RAG vs Fine-Tuning — battle

You have a capable base model and a pile of your own stuff — a wiki, a ticket history, a product catalog, a house writing style — and you want the model to use it. Two camps shout different answers. One says fine-tune: train the model on your data until it “knows” your domain. The other says RAG: leave the model alone and retrieve the right context at question time.

Pick wrong and you feel it fast. Fine-tune on your docs and the model starts answering in a confident in-house voice while citing a policy that changed last week, inventing ticket IDs that look exactly right, and still failing to tell you today’s stock level. Or bolt on RAG and it retrieves the perfect passage and then answers in the wrong format, ignores your style guide, and pastes a raw chunk into the reply.

The mistake is treating RAG and fine-tuning as two roads to the same place. They aren’t — they change different things, and the whole decision collapses to one question:

Do you need to change what the model KNOWS — or how it BEHAVES?

The one line to tattoo on the decision: RAG hands the model an open book at question time; fine-tuning sends it to school before the exam. An open book keeps facts current and lets you cite them. School teaches a skill or a way of answering. They are not substitutes — and the strongest systems use both, which we’ll earn at the end.
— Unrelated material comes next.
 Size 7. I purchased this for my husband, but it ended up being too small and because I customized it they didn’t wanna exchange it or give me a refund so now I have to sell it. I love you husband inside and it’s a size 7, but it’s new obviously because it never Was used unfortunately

Companion pieces: once you’ve picked your approach you still have to run the model — see Ollama vs vLLM vs Triton — battle for the serving engines, and LLM vs VLM vs DIFF — battle for the workload classes you point them at.

RAG — retrieve the facts at question time

Retrieval-Augmented Generation leaves the weights untouched and changes the model’s input. Offline, you split your corpus into chunks and embed each chunk into a vector; at query time you embed the question, run a nearest-neighbour search over those vectors, pull the top-k matching chunks, and stuff them into the prompt — “here are the relevant passages; answer using them.” The model is a reader, not a memoriser. The facts live in the corpus, not in the parameters.
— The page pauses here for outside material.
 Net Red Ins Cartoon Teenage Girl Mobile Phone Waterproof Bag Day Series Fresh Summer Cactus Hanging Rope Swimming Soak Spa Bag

That architecture is exactly why RAG is the right tool when the thing you’re adding is knowledge that moves. A fact that lands at 09:00 is answerable at 09:05 after a re-index — nothing is retrained. Because the answer is built from specific retrieved passages, you can cite them and show provenance, filter by access control so a user only retrieves what they’re allowed to see, and scale to a huge or private corpus the model never saw in pre-training. And grounding the answer in real passages is the single most effective lever against factual hallucination: the model is quoting, not recalling.

The costs are real and they’re all downstream of “retrieval is now part of your system.” The answer is only ever as good as what you retrieved — bad retrieval produces a confident wrong answer, so chunking, embeddings, and a reranker become things you tune and monitor. Every call pays for the retrieved passages in context tokens (more latency, more cost) plus the retrieval hop. And none of it changes how the model writes — RAG will not give you a house voice or a strict output schema. RAG changes the input, not the weights.
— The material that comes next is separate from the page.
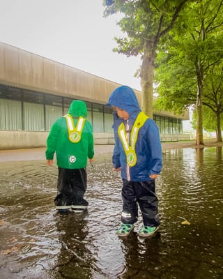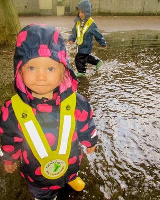 Wir haben uns nach dem Morgenkreis in der Garderobe gesammelt und haben unsere Regenausrüstung angezogen. Regenhosen, Gummistiefel und Regenjacken. Nun waren wir bereit, um uns im Regen auszutoben. Mit grossen Augen erwarteten wir unser kleines Regenabenteuer und waren gespannt, was wir dabei entdecken und erleben würden. Voller Vorfreude nahmen wir uns an der Hand und gingen gemeinsam los. Bereits auf dem Weg fiel der Regen in grossen Tropfen auf uns herunter. Nun mussten wir nur noch eine geeignete Pfütze für unseren Ausflug finden. Doch das war heute zum Glück gar nicht so schwer. Der grosse Platz, zu dem die Kita-Frauen uns brachten, bot einige riesige Pfützen, welche unsere Entdecker-Herzen höher schlagen liess. Wir versuchten die Tropfen mit den Händen zu fangen. Das machte uns viel Spass. Beim In-die-Pfütze-springen schien es so, als ob die Tropfen auf einmal von allen Richtungen kämen. Es machte Plitsch-Platsch von oben, von unten und von allen Seiten. Wir haben auch mal mit den Händen in der Pfütze geplantscht. Und wir rannten, hüpfen, stampften und setzen uns mitten in die Pfützen hinein. So verflog die Zeit leider viel zu schnell und wir mussten wieder zurück in die Kita gehen, da es Mittagessen gab. Hand in Hand machten wir uns auf den Rückweg und mussten zugeben, dass wir davon schon ziemlich hungrig geworden waren. Was es heute wohl Leckeres gibt?

Fine-tuning — bake the behaviour into the weights

Fine-tuning takes the opposite route: it changes the weights. You assemble curated input → output examples and run gradient updates until the behaviour you want is part of the model. Full fine-tuning updates every parameter; PEFT / LoRA / QLoRA trains tiny low-rank adapter matrices (often a few MB) and can run on a single consumer GPU — which is why fine-tuning stopped being a big-lab-only move.

Fine-tuning shines when the thing you’re adding is behaviour that’s stable: a consistent format / style / tone, a narrow skill, reliable structured output, a domain idiom or reasoning pattern. A big secondary win is prompt compression — once the task is in the weights you stop re-explaining it in every prompt, which means shorter prompts, lower latency, lower cost, and it’s how a small fine-tuned model can beat a big general one on one narrow job.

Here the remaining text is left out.